Start of DATA SHOWN
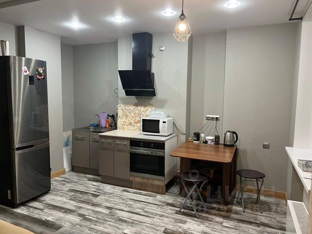 На кухне кухонный гарнитур, холодильник, микроволновка, обеденная зона (стол и стулья).
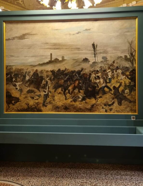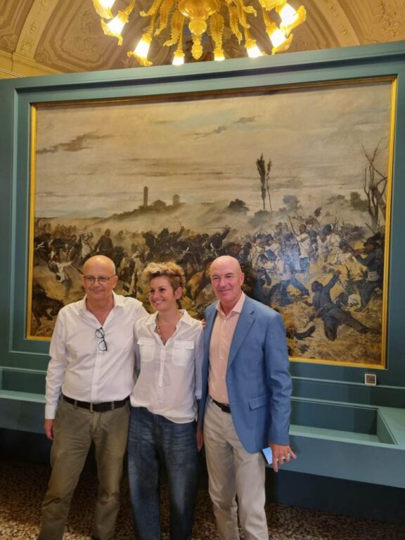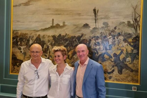 Vi presentiamo il primo dipinto, anzi doppio dipinto, della mostra “Giovanni Fattori. Una rivoluzione in pittura” che aprirà al pubblico il prossimo 6 settembre (nel giorno del bicentenario dalla nascita di Fattori: 6 settembre 1825). E’ stato presentato stamattina dal sindaco Luca Salvetti insieme all’assessora Angela Rafanelli e al curatore della mostra Vincenzo Farinella: “E’ un unicum, nessun museo in Italia ce l’ha – ha spiegato Farinella – Parliamo di una tela bifronte, ovvero due dipinti sulla stessa tela: “Una carica di cavalleria a Montebello” già visibile al secondo piano e “Clarice Strozzi e i Medici“, ovvero il dipinto sul retro. Quest’ultimo non era mai stato svelato, lo facciamo oggi per la prima volta dopo un importante lavoro di restauro. Sono entrambi di Fattori anche se sembra la mano di due artisti differenti. Proprio per questa loro differenza, i due dipinti raccontano alla perfezione i due stili che era in grado di esprimere. La tela si trova al piano terra e sarà una delle prime del percorso della mostra”. Salvetti e Rafanelli hanno poi spiegato che saranno 220 le tele in esposizione, di cui 50 di proprietà del Comune e le restanti 170 “frutto di un incredibile lavoro di contatti e condivisione con collezionisti e privati che ci ha portato personalmente nelle case dei livornesi per convincerli ad esporre”. Rafanelli ha infine aggiunto che “Fattori rappresenta l’anima più autentica di Livorno e che questa mostra sarà l’occasione per tutti noi di riscoprire la nostra identità”.
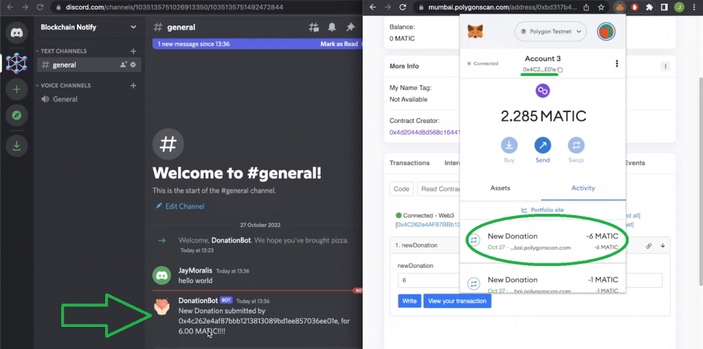 Looking at the above screenshot, you can see our crypto monitor Discord bot (“DonationBot”) in the right sidebar. Next, we use PolygonScan to interact with our example “donationExample” smart contract. Obviously, this is the smart contract that our example blockchain Discord bot listens to.
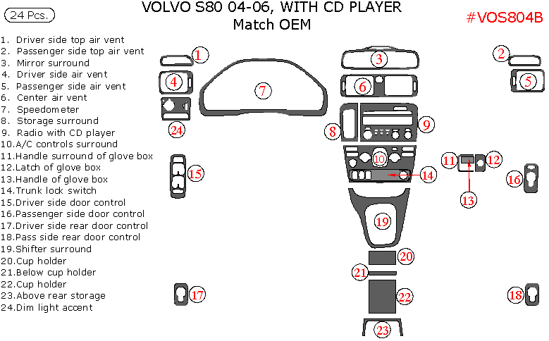 We offer a wide variety of colors and materials of Volvo S80 2004, 2005, 2006, Interior Dash Kit, With CD Player, 24 Pcs., OEM Match. Choose your favourite option and place an order.
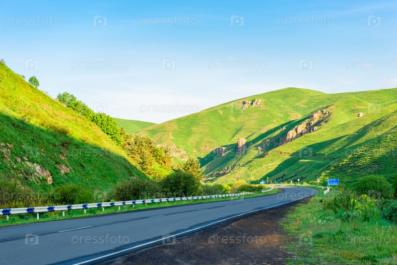 Дорога в живописных зеленых горах Кавказа, Армения
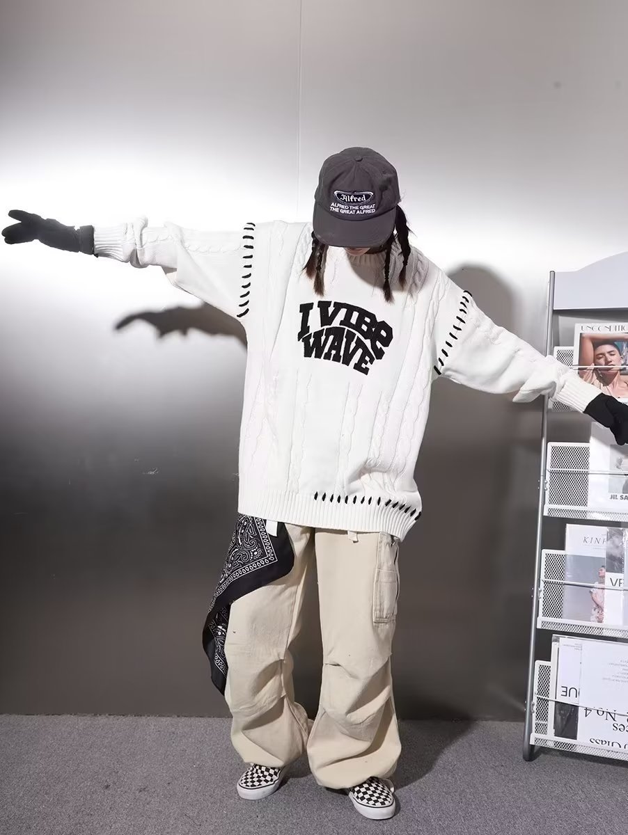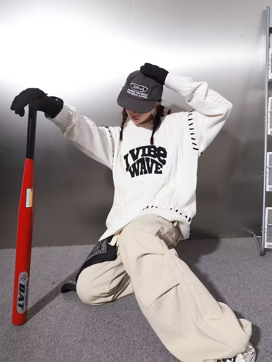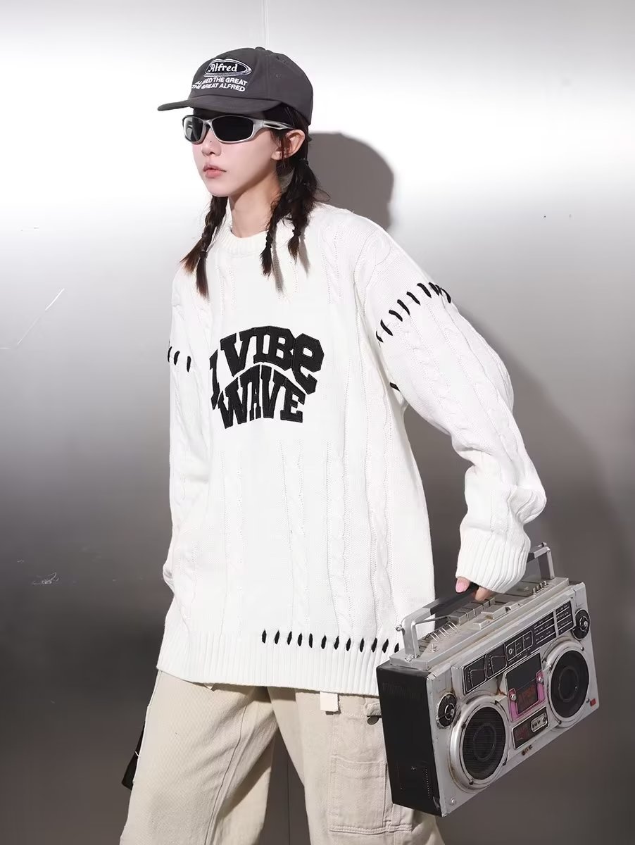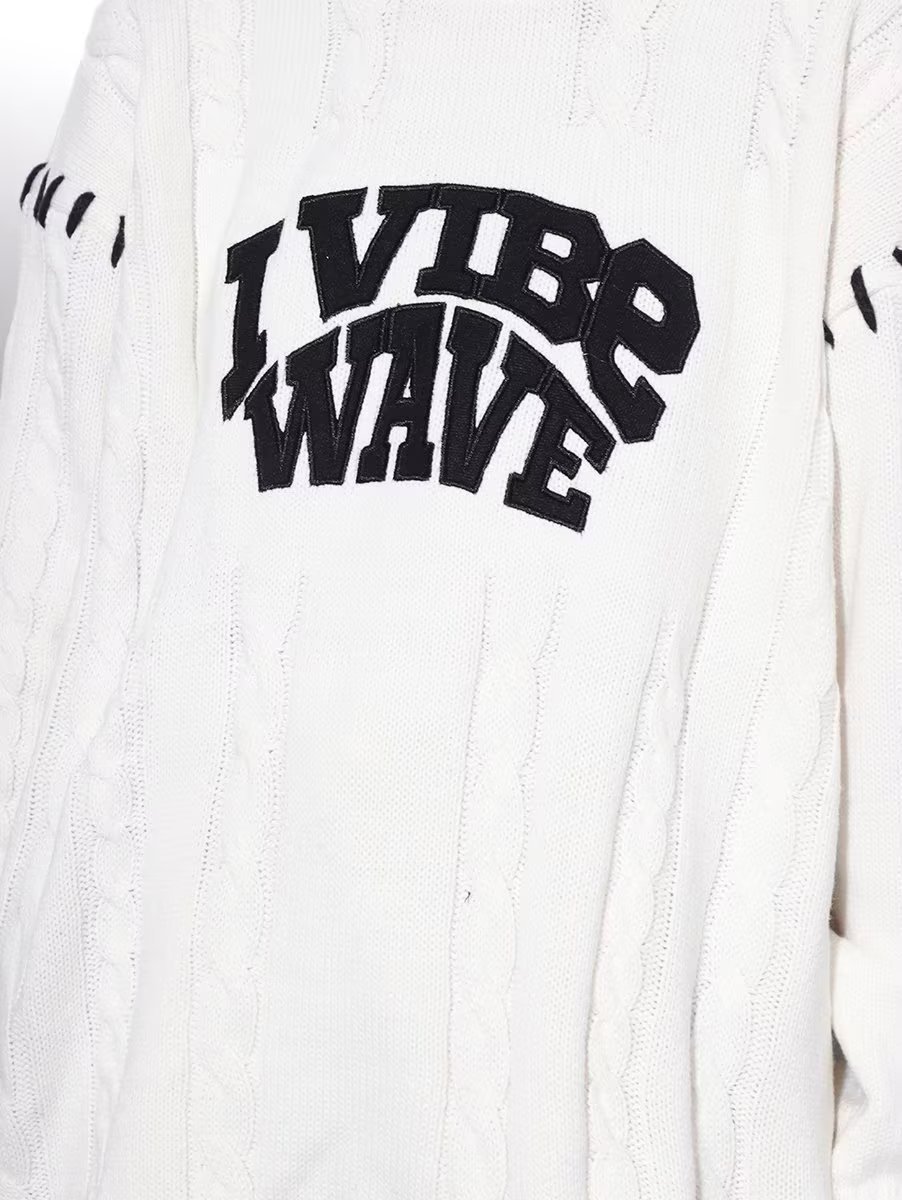 Trendy Feel Lonely National Tide diseño original sentido alfabeto bordado correas torcido cuello redondo suéter de nicho hombre
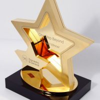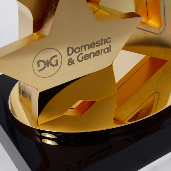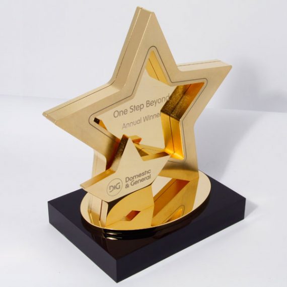 Distinctive polished gold plated aluminium award with waterjet pierced stars and black cast acrylic base.
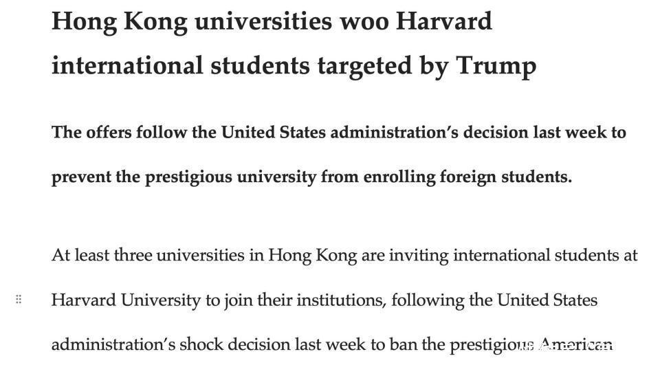 文档实验是《Nature》杂志网站上刊登的一篇英文报谈,主要敷陈了香港高校向哈佛外洋学生抛出橄榄枝的局势。
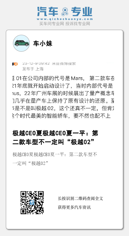 12月11日消息,集度CEO、极越CEO夏一平日前在微博发文,透露了旗下第二款车型的相关信息。
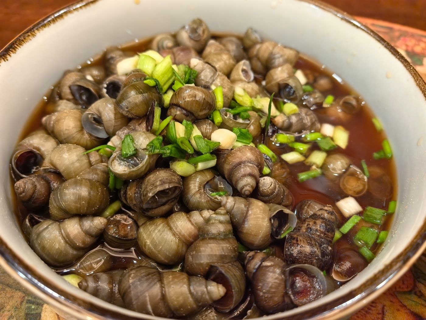 我习惯螺蛳炒着吃。从网上学了一招:先将螺蛳放入沸水中过一下,去掉大部分的“螺盖”,再下锅爆炒:生姜、大蒜头、黄酒、酱油,加适量的甜面酱,出锅之前撒上一些葱段。昨晚有了一点小“创意”:高压锅里刚刚蒸好酱鸭,碗中有不少沉淀下来的酱鸭卤,便顺手用调羹将酱鸭卤淋到了螺蛳上面,果然有了特别鲜美的味道。
End of DATA SHOWN
WHAT YOU HAVE TO DO:
Above are records; repeat only the lines from the line with "Distinctive polished gold" through the line with "12月11日消息,集度CEO", and leave pictures out.

YOUR SOLUTION:
 Distinctive polished gold plated aluminium award with waterjet pierced stars and black cast acrylic base.
 文档实验是《Nature》杂志网站上刊登的一篇英文报谈,主要敷陈了香港高校向哈佛外洋学生抛出橄榄枝的局势。
 12月11日消息,集度CEO、极越CEO夏一平日前在微博发文,透露了旗下第二款车型的相关信息。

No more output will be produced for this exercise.